#korupsikemenpora#imamnahrawi

Imam Nahrawi Harus Mengganti Uang Negara Rp18,1 Miliar

( kata)
Imam Nahrawi Harus Mengganti Uang Negara Rp18,1 Miliar
Mantan Menteri Pemuda dan Olahraga Imam Nahrawi. Antara/Puspa Perwitasari

Jakarta (Lampost.co) -- Majelis hakim Pengadilan Tindak Pidana Korupsi (Tipikor) Jakarta menjatuhkan hukuman tambahan terhadap mantan Menteri Pemuda dan Olahraga (Menpora) Imam Nahrawi. Imam diharuskan membayar uang pengganti kepada negara.

"Menjatuhkan pidana tambahan kepada terdakwa berupa membayar uang pengganti kepada negara sejumlah Rp18.154.203.882," kata Ketua Majelis Hakim Rosmina di Pengadilan Tipikor, Jalan Bungur Raya, Kemayoran, Jakarta Pusat, Senin, 29 Juni 2020.

Uang tersebut mesti dibayarkan Imam satu bulan setelah putusan berkekuatan hukum tetap. Jika tidak mampu, harta benda Imam akan disita negara untuk dilelang.

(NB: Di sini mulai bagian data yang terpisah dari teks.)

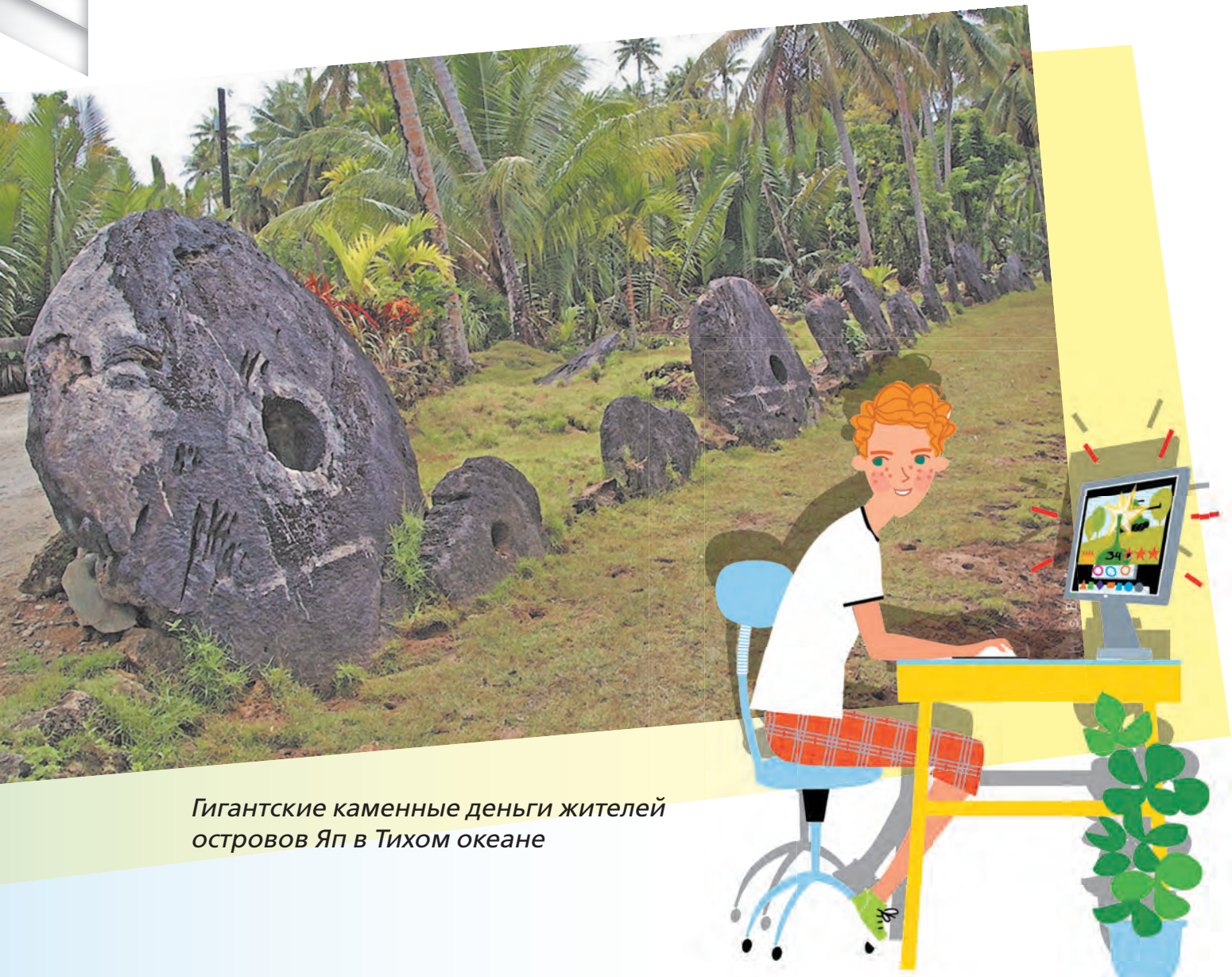
Гигантские каменные деньги жителей островов Яп в Тихом океане

Пришлось Серёже после ужина остаться на кухне для беседы о деньгах. Разговор папа начал с вопроса: а что это

"Bila harta benda tidak mencukupi, dipidana penjara selama dua tahun," ujarnya.

Imam divonis tujuh tahun penjara serta denda Rp400 juta subsider tiga bulan kurungan. Imam Nahrawi terbukti menerima suap Rp11,5 miliar dari Sekretaris Jenderal Komite Olahraga Nasional Indonesia (KONI) Ending Fuad Hamidy dan Bendahara KONI Johny E Awuy. Uang itu diserahkan kepada Imam secara bertahap.

Suap itu diberikan untuk mempercepat proses persetujuan dan pencairan bantuan dana hibah yang diajukan KONI kepada Kemenpora untuk tahun kegiatan 2018.

Berita terkait: Mantan Menpora Imam Nahrawi Divonis 7 Tahun Penjara

Hibah tersebut dimanfaatkan untuk beberapa kegiatan. Di antaranya, pengawasan dan pendampingan program peningkatan prestasi pada multi-event Asian Games 2018 dan Asian Para Games 2018.

Imam juga terbukti menerima gratifikasi Rp8,34 miliar dari sejumlah pejabat Kemenpora dan KONI. Fulus itu diterima melalui asisten pribadi Imam, Miftahul Ulum.

Penerimaan uang itu dilakukan sejak 2015 hingga 2018. Uang-uang tersebut tidak dilaporkan Imam sampai batas waktu 30 hari sejak diterimanya, sebagaimana diatur dalam Pasal 12C Undang-Undang Tindak Pidana Korupsi.

Imam dinyatakan terbukti menerima suap dan melanggar Pasal 12 huruf a jo Pasal 18 Undang-Undang Nomor 31 Tahun 1999 sebagaimana telah diubah dengan Undang-Undang Nomor 20 Tahun 2001 tentang Pemberantasan Tindak Pidana Korupsi jo Pasal 55 Ayat (1) ke-1 KUHP jo Pasal 64 Ayat (1) KUHP sebagaimana dakwaan kesatu alternatif pertama.

Sedangkan dalam perkara gratifikasi, Imam dianggap melanggar Pasal 12B Ayat (1) jo Pasal 18 Undang-Undang Nomor 31 Tahun 1999 sebagaimana telah diubah dengan Undang-Undang Nomor 20 Tahun 2001 tentang Pemberantasan Tindak Pidana Korupsi jo Pasal 55 Ayat (1) ke-1 KUHP jo Pasal 65 Ayat (1) KUHP sebagaimana dakwaan kedua.